EM: Me interesa que diga que el cine y la literatura siempre fueron entretenimiento, primero que nada. Hay que entrar al arte sin una actitud reverencial, entonces.

EL: En el arte hay que buscar lo que te satisfaga. El arte tiene que ser entretenimiento.

EM: Volvamos atrás. Me dijo que le gusta Tarantino. ¿Qué sintió al ver por primera vez un cine como el suyo?

EL: Lo vi por primera vez en Resevoir Dogs. Me pareció una cosa feroz. Después ha visto con placer a casi todo su cine. En especial Bastardos sin gloria y Django. Tarantino es legítimo en la medida que expresa a la sociedad norteamericana expresada en su propia clave y con un talento narrativo descomunal. En Bastardos sin gloria eso se da con el personaje de Brad Pitt, pero la película también ensaya una desmitificación de los estereotipos de la Segunda Guerra Mundial, perceptible a través del personaje del coronel Hans Landa, deliciosamente interpretado por  Christoph Waltz.

EM: Hablamos de Taratino y de Eastwood. Cineastas autores. ¿Qué es lo más importante para un cineasta? ¿Qué lo hace especial?
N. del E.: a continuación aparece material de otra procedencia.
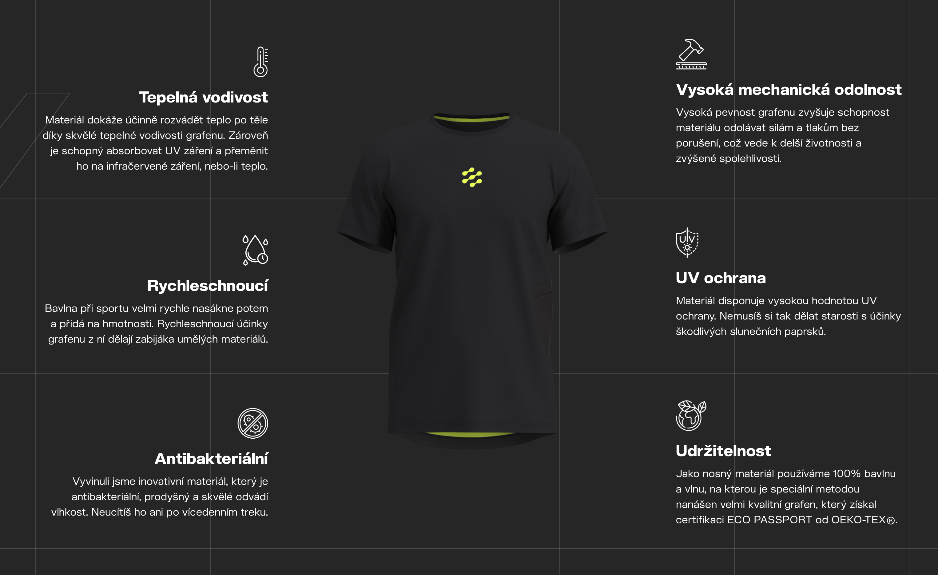 Vytvořili jsme revoluční koncept sportovního oblečení s ohledem na životní prostředí. Hlavním prvkem této technologie je grafen, nanomateriál, který posouvá hranice nejen v textilním průmyslu. Pojďme společně nastartovat přechod k udržitelné budoucnosti !

EL: En primer lugar tiene que tener un sólido dominio de la técnica. Después debe tener una gran comprensión de la psicología de sus personajes y una gran habilidad para manejar a los actores. Por último, tiene que tener lo que identificque como un creador original: un mundo propio, algo que está vinculado a un determinado tipo de vivencias y al cual él se ocupa de desarrollar desde diversos ángulos.